Both knot theory and circuit topology aim to describe chain entanglement, making it important to understand their relationship. Knot theory considers any entangled chain as a connected sum of prime knots, which are themselves undecomposable. Circuit topology splits any entangled chains (including prime knots) into basic structural units called soft contacts, and lists simple rules on how soft contacts can be put together. An advantage of circuit topology is that it can be applied to open linear chains with intra-chain interactions, so-called hard contacts. This enabled topological analysis of proteins and genomes, which are often described as unknot in knot theory. Finally, circuit topology enables studying interactions between hard contacts and entanglements and can identify slip knots, while knot theory typically overlooks hard contacts and split knots. Thus, circuit topology serves as a complementary approach to knot theory.

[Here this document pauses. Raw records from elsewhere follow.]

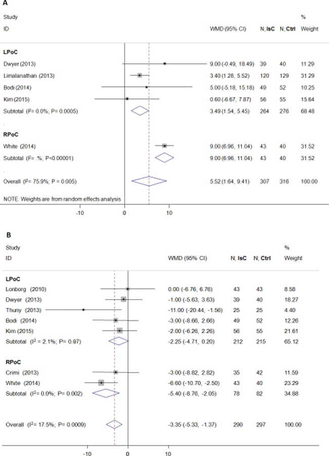 As shown in Figure 2, the final IS(%) was not significantly reduced by PoC (weighted mean difference [WMD] = –1.01; 95% CI: –2.95 to 0.94; P > 0.05) and demonstrated heterogeneity (I2 = 68.0%). Both LPoC and RPoC increased the potential of MSI(%)(WMD = 5.52; 95% CI: 1.64 to 9.41; P = 0.005; I2 = 76.0%; Figure 3A). Patients treated by LPoC (WMD = –2.25; 95% CI: –4.71 to 0.20; P = 0.07; I2 = 2.0%), or RPoC (WMD = –5.40; 95% CI: –8.76 to –2.05; P = 0.002; I2 = 0.0%) showed decreased percent myocardial edema (Figure 3B).
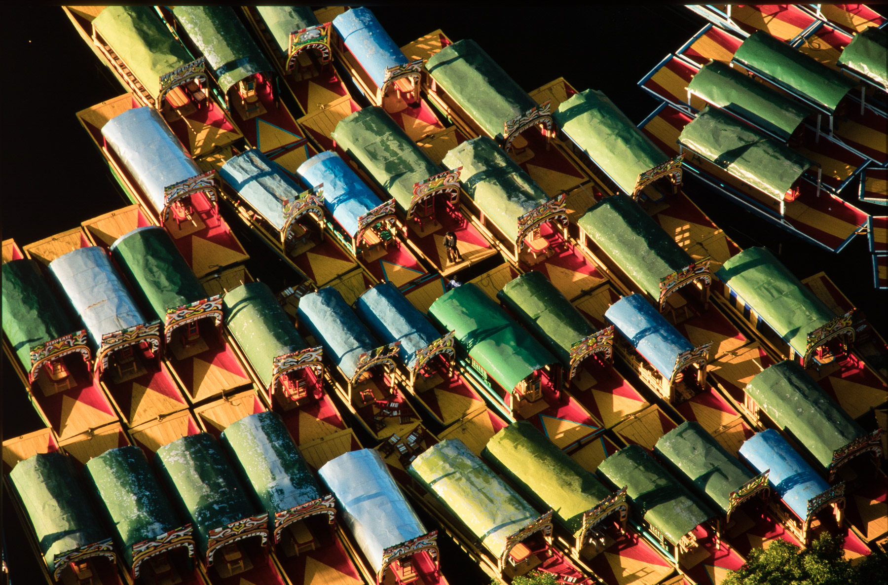 Quartier de Xochimilco (classé à l'Unesco) : barques « trajineras », Mexico City, District fédéral, Mexique ( 19°15'38.74"N - 99° 5'48.49"O)
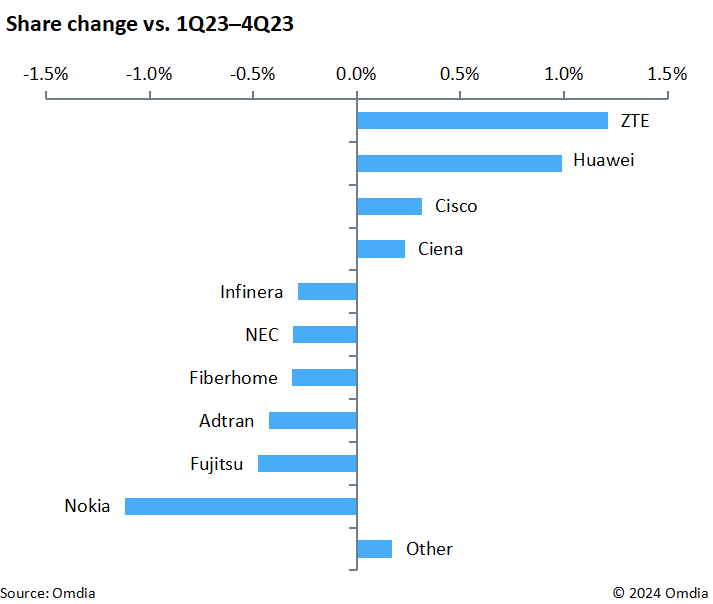 近日,全球權威分析機構Omdia發布《1Q24光網絡市場份額數據》。數據顯示,中興通訊光網絡在2023Q2至2024Q1期間的全球市場份額環比增速第一,這不僅是行業對其光網絡產品方案競爭力的高度認可,也彰顯了中興通訊光網絡在數字經濟浪潮中的堅實底座作用。

Circuit topology has implications for folding kinetics and molecular evolution and has been applied to engineer polymers including molecular origami. Circuit topology along with contact order and size are determinants of the folding rate of linear polymers. It has also been applied to quantify the conformational organisation of intrinsically disordered proteins. In protein structure prediction, coarse-grained generative approaches recover global topological features of protein folds and enable rapid contact map prediction. Circuit topology can be applied to characterise the topology of multi-chain systems as well, including biomolecular condensates and aggregates. For example, it has been used to characterise coil–globule transitions and aggregation in polymers, revealing multichain topological motifs during collective structural transitions. In addition, circuit topology has been applied to classify conformational substates in amyloid polypeptides, providing insight into aggregation mechanisms and their modulation by small molecules. Finally, the topology approach can also be used for medical applications including disease analysis, and drug response predictions.